**TASK DIRECTIONS:** Restate all the lines below word for word, but omit the pictures.

**THE DATA:**

⁂

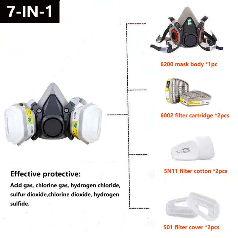 Protección efectiva: gas ácido y vapor, cloruro de hidrógeno, fosgeno, óxidos de nitrógeno, dióxido de azufre, dióxido de cloro, sulfuro de hidrógeno, pesticidas que contienen fósforo.
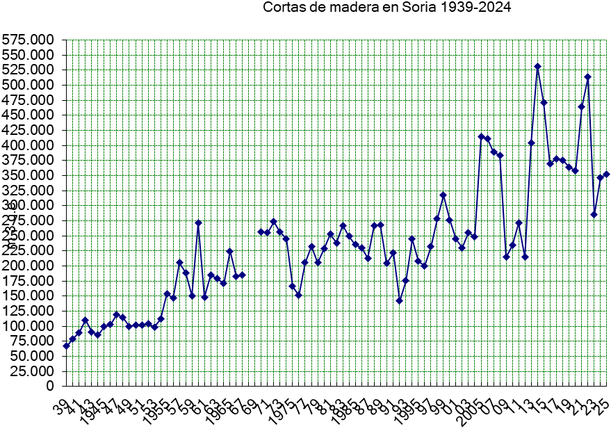 Evolución de los aprovechamientos madereros en Soria 1939-2025.
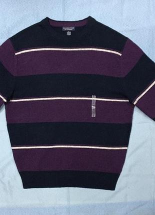Джемпер мужской американского бренда Roundtree & Yorke, в сине-фиолетовом цвете в белую полоску, производство Китай, материал (мягкий, толстый, стрейчевый) - 40% хлопок, 35% полиэстер, 25% шерсть! Очень теплый! Размер: L : ПОГ - 57 см, длина ( перед ) - 65 см, длина ( спина) - 71 см, рукав - 65 см, плечи - 51 см. Размеры длины данные от края горловины, рукава - от шва плеча, плечи - расстояние между швами плеча.
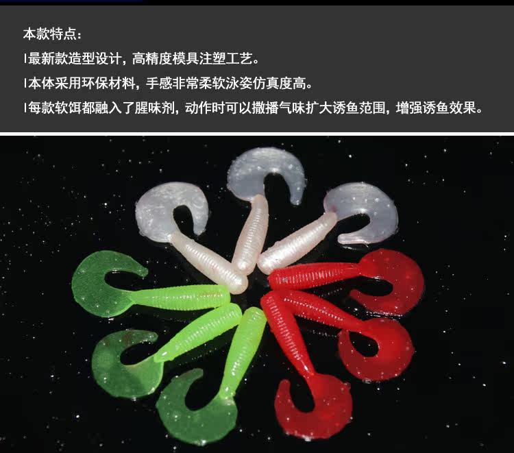 Представление продукта: Эта мягкая приманка является представительной мягкой приманкой, которая привела к популяризации ловли на приманку и была хорошо принята многими рыбаками.Даже небольшое усилие за закрученный хвост будет сильно реагировать, подчеркивая естественность и ритмичность ловли.Кудрявая личинка имеет уникальную форму. Его хвост в форме полумесяца, когда его тянут в воде, имитирует покачивание хвоста рыбы влево и вправо, привлекая внимание рыбы и атакуя!

⁂

**TASK RESPONSE:**
 Protección efectiva: gas ácido y vapor, cloruro de hidrógeno, fosgeno, óxidos de nitrógeno, dióxido de azufre, dióxido de cloro, sulfuro de hidrógeno, pesticidas que contienen fósforo.
 Evolución de los aprovechamientos madereros en Soria 1939-2025.
Джемпер мужской американского бренда Roundtree & Yorke, в сине-фиолетовом цвете в белую полоску, производство Китай, материал (мягкий, толстый, стрейчевый) - 40% хлопок, 35% полиэстер, 25% шерсть! Очень теплый! Размер: L : ПОГ - 57 см, длина ( перед ) - 65 см, длина ( спина) - 71 см, рукав - 65 см, плечи - 51 см. Размеры длины данные от края горловины, рукава - от шва плеча, плечи - расстояние между швами плеча.
 Представление продукта: Эта мягкая приманка является представительной мягкой приманкой, которая привела к популяризации ловли на приманку и была хорошо принята многими рыбаками.Даже небольшое усилие за закрученный хвост будет сильно реагировать, подчеркивая естественность и ритмичность ловли.Кудрявая личинка имеет уникальную форму. Его хвост в форме полумесяца, когда его тянут в воде, имитирует покачивание хвоста рыбы влево и вправо, привлекая внимание рыбы и атакуя!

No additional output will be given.